▶ [Record extracts]:
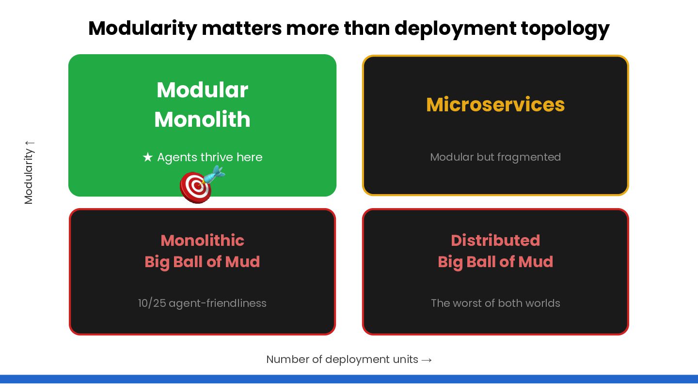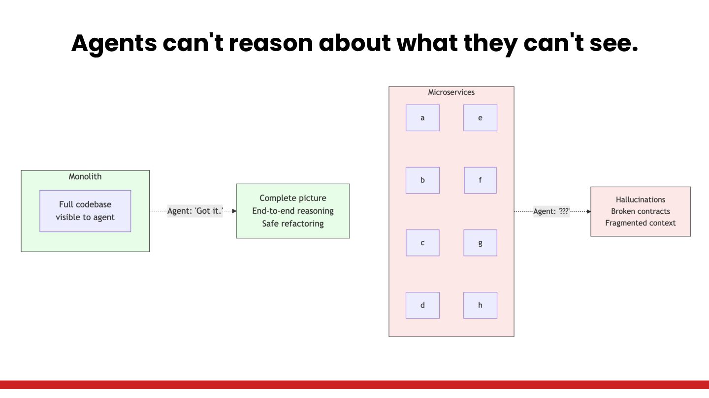 AI agents don't reason about what they can't see. Microservices fragment context across repositories; modular monoliths keep the entire solution accessible — for humans and agents alike.
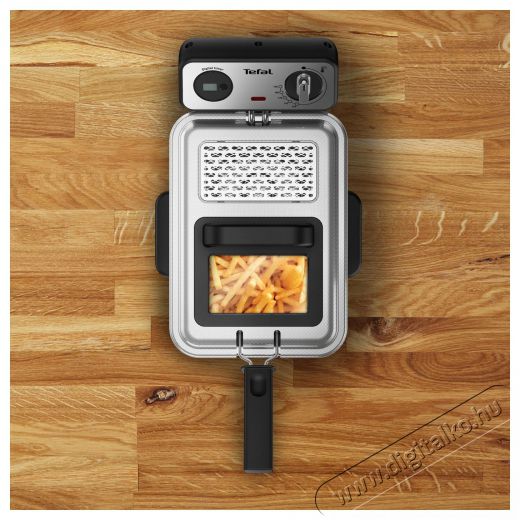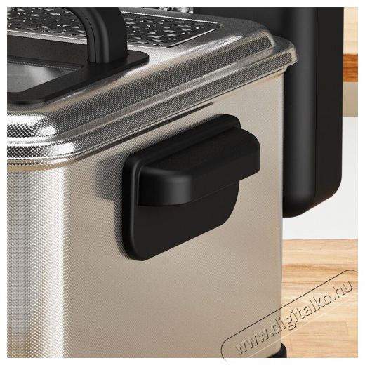 A Tefal Filtra Pro FR511170 készülék termosztátja 150° és 190° között állítható. Beállíthatod az időt és az időzítőt is, hogy mikorra készül el az étel.
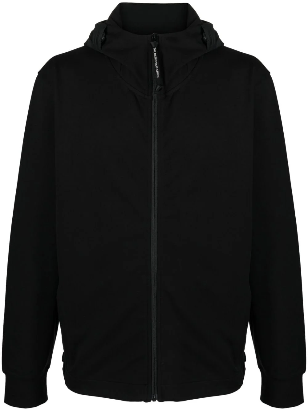 Metropolis Series zip-up hooded jacket Highlights - Black - Stretch-cotton - Jersey texture - Pertex - Nano rip stop 2l - Logo print to the side - High neck - Drawstring hood - Long sleeves - Ribbed cuffs - Two side zip-fastening pockets - Side pouch pockets - Rear curved hem Imported Composition Polyamide 100%, Cotton 95%, Elastane 5% SIZE & FIT Model measurements Height 6 ft 2 in(1.87 m) Bust/Chest 38.18 in(97 cm) Hips 36.61 in(93 cm) Waist 29.13 in(74 cm) FittingInformation The internal drawstring at the hem allows for fitted preferences Washing instructions Machine Wash
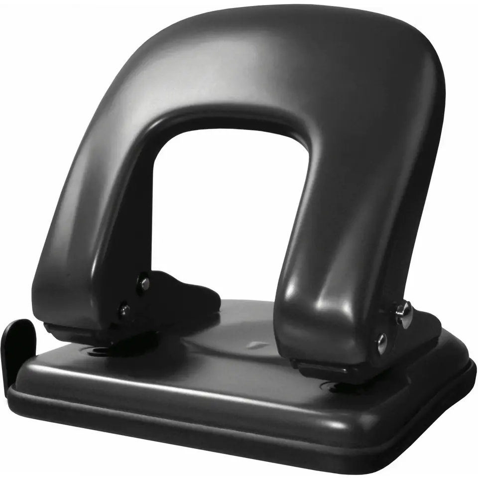 Metal office punch in a matte housing. It has a lever lock, a page center indicator and a format delimiter. Punches up to 35 sheets.
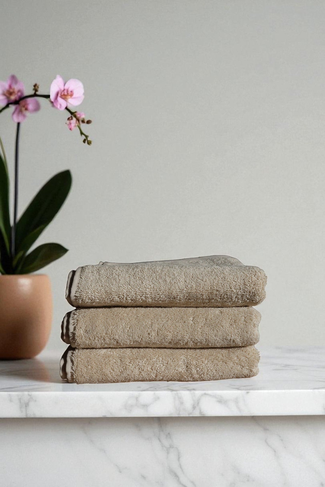 Alle Handtücher sind aus 100 % Baumwolle (600 GSM) gefertigt, in einem zeitlosen Beige gehalten und verfügen über einen praktischen Kordelaufhänger.

▶ [Task instructions]:
Nothing but the listing, copied exactly and stripped of its images, should appear in the response.

▶ [Written answer]:
 AI agents don't reason about what they can't see. Microservices fragment context across repositories; modular monoliths keep the entire solution accessible — for humans and agents alike.
 A Tefal Filtra Pro FR511170 készülék termosztátja 150° és 190° között állítható. Beállíthatod az időt és az időzítőt is, hogy mikorra készül el az étel.
 Metropolis Series zip-up hooded jacket Highlights - Black - Stretch-cotton - Jersey texture - Pertex - Nano rip stop 2l - Logo print to the side - High neck - Drawstring hood - Long sleeves - Ribbed cuffs - Two side zip-fastening pockets - Side pouch pockets - Rear curved hem Imported Composition Polyamide 100%, Cotton 95%, Elastane 5% SIZE & FIT Model measurements Height 6 ft 2 in(1.87 m) Bust/Chest 38.18 in(97 cm) Hips 36.61 in(93 cm) Waist 29.13 in(74 cm) FittingInformation The internal drawstring at the hem allows for fitted preferences Washing instructions Machine Wash
 Metal office punch in a matte housing. It has a lever lock, a page center indicator and a format delimiter. Punches up to 35 sheets.
 Alle Handtücher sind aus 100 % Baumwolle (600 GSM) gefertigt, in einem zeitlosen Beige gehalten und verfügen über einen praktischen Kordelaufhänger.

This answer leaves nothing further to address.